UKPDS Outcomes Model have helped drive forward diabetes modelling globally. As of September 2018, 278 non-commercial licenses have been issued worldwide together with 33 commercial licenses, including almost all major pharma players in the therapeutic area. Manuscripts from the UKPDS Outcomes Model continue to be the most heavily cited in the field, and most other diabetes models are heavily reliant on UKPDS equations. It has set the standard for transparency, and all equations are fully in the public domain.

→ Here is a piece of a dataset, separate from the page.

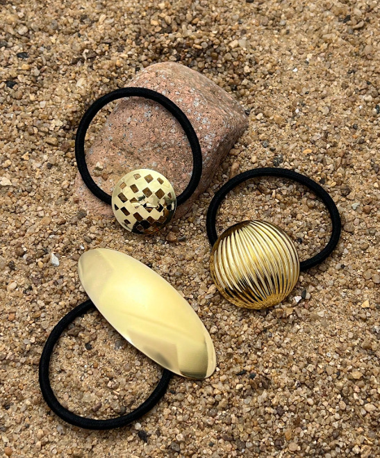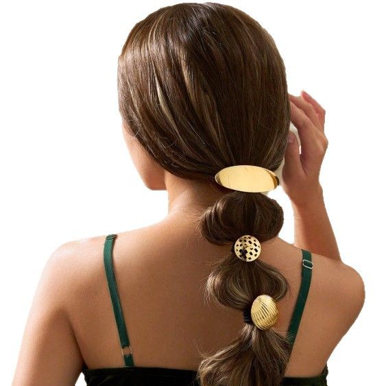 跨境欧美头饰盘发扎马尾发绳圆圈镂空亮面合金皮筋头绳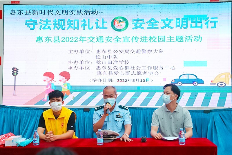 5月10日,由广东省惠东县公安局交警大队、稔山中队主办,稔山田洋学校协办,惠东县爱心群社会工作服务中心、惠东县爱心群志愿者协会承办的“守法规知礼让·安全文明出行”惠东县2022年交通安全宣传进校园主题活动在稔山田洋学校开展。

In the effort to put the UKPDS into perspective, this session was focused on debunking four common misconceptions about the UKPDS. The first misconception is that the results related to intensive glucose control should not be trusted given that another trial (i.e., ACCORD) demonstrated an increase in death rates upon lowering HbA_1c to normal values. However, to put this into perspective,the differences in trial designs between UKPDS and ACCORD were detailed, and in particular the initiation of glycaemic interventions at diagnosis in patients with no history of a CV event in the former render the two trials different. A second misconception is that UKPDS used old glucose-lowering techniques that are not relevant in today’s interventions. However, it was argued that the UKPDS was about glycaemic ‘policy’ and advocating early, tighter glucose control and the trial was not centered on choice of an individual drug. The third misconception is that the metformin arm was underpowered in UKPDS, and thus it is unclear if the result can be considered valid. To debunk this misapprehension, it was suggested that since patients had to be randomised to metformin, the real number of patients was double that cited by many, and that statistically speaking the results are nonetheless significant. The last misconception is that many recent trials of newer agents (e.g. DPP-4 inhibitors) show no difference in cardiovascular outcomes and therefore lowering glucose is thus not of importance. However, in reality it was pointed out that the majority of the cardiovascular trials for these newer agents were actually safety trials, predicated on glycemic equipoise. As such, such a comparison cannot be justified.